Typical ER waits have lengthened by 40 minutes in four years

The typical wait in Quebec emergency rooms is getting longer and longer. According to a study by the Montreal Economic Institute (IEDM) released Thursday, the median length of an emergency room stay is now 5 hours and 11 minutes, or 40 minutes more than four years ago.

These data take into account all patients who come to the emergency room and who are seen at the triage.

If only stretcher patients are included, the wait is even longer. Compared to 2018, the median length of their stay has increased by two hours, to reach 11 hours and 19 minutes, reveals the analysis of the MEI.

Its author, economist Emmanuelle B. Faubert, points out that these figures had dropped markedly in 2020, “because at the heart of the pandemic, few people went to the emergency room”. However, the curve has since resumed its upward trend.
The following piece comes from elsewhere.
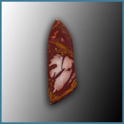Damu Jasper polished freeform cabochon featuring dark red, dark golden yellow, and pale pink jasper.
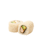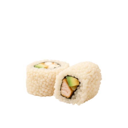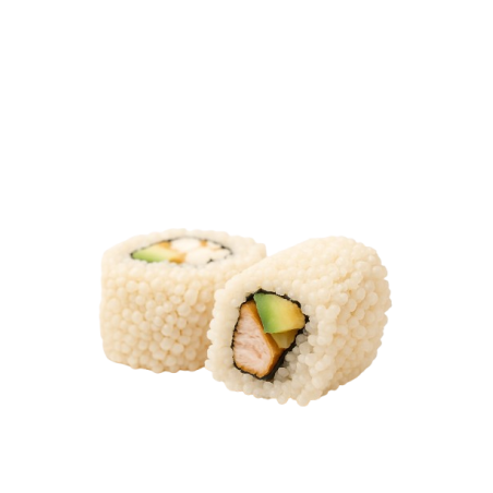 Un California roll au riz soufflé composé de poulet pané de mayo et d'avocat

From the outset, the number of patients who spent more than 24 hours on a stretcher has increased sharply in four years. In 2018, this sad fate was reserved for 16% of patients; in 2022, it was one in four patients. As for people who spent 48 hours or more on hold, they were almost three times more numerous in 2022 than in 2018 (64,214 compared to 22,744).

The IEDM says it prefers the median to the average in these matters, the median better representing “the real situation of patients”. Since it corresponds to the midpoint of a sample, the median dampens the effect of very high or very low values ​​in this kind of calculation.
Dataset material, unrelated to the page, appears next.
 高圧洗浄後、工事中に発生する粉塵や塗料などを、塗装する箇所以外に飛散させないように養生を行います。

Worst in the greater Montreal area

The study also shows that in 2022 as in 2018, it is still in the outskirts of Montreal that we wait the longest. Thus, in 2022, the typical wait in emergency rooms in the Laurentians was 7 hours and 16 minutes, more than double what was observed in the region where this value is lowest, the Lower Saint-Laurent (3 hours and 6 minutes).
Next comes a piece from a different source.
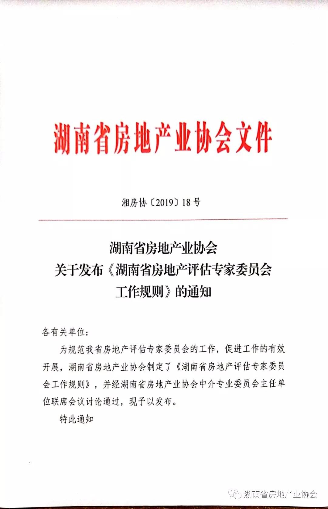 关于发布《湖南省房地产评估专家委员会工作规则》的通知
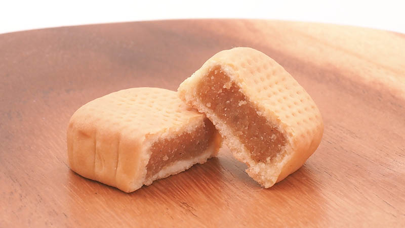 A caramel pudding flavored red bean paste is filled in. A vanilla flavor in the dough and the caramel pudding arpoma go well together.

For the neoliberal think tank, this increase in emergency room waiting times is one more argument in favor of an increased role for private health care. “These findings show that the system is inefficient and fails to provide the care patients need,” notes M.me Faubert.

The study comes out two days following the Ministry of Health took a step closer to opening private mini-hospitals in Quebec and Montreal. An initiative that Mme Faubert does not fail to boast. “The private mini-hospitals planned by the Legault government might help unclog emergency rooms,” she says.

The data processed by the MEI comes from the Ministry of Health. They were obtained through access to information requests.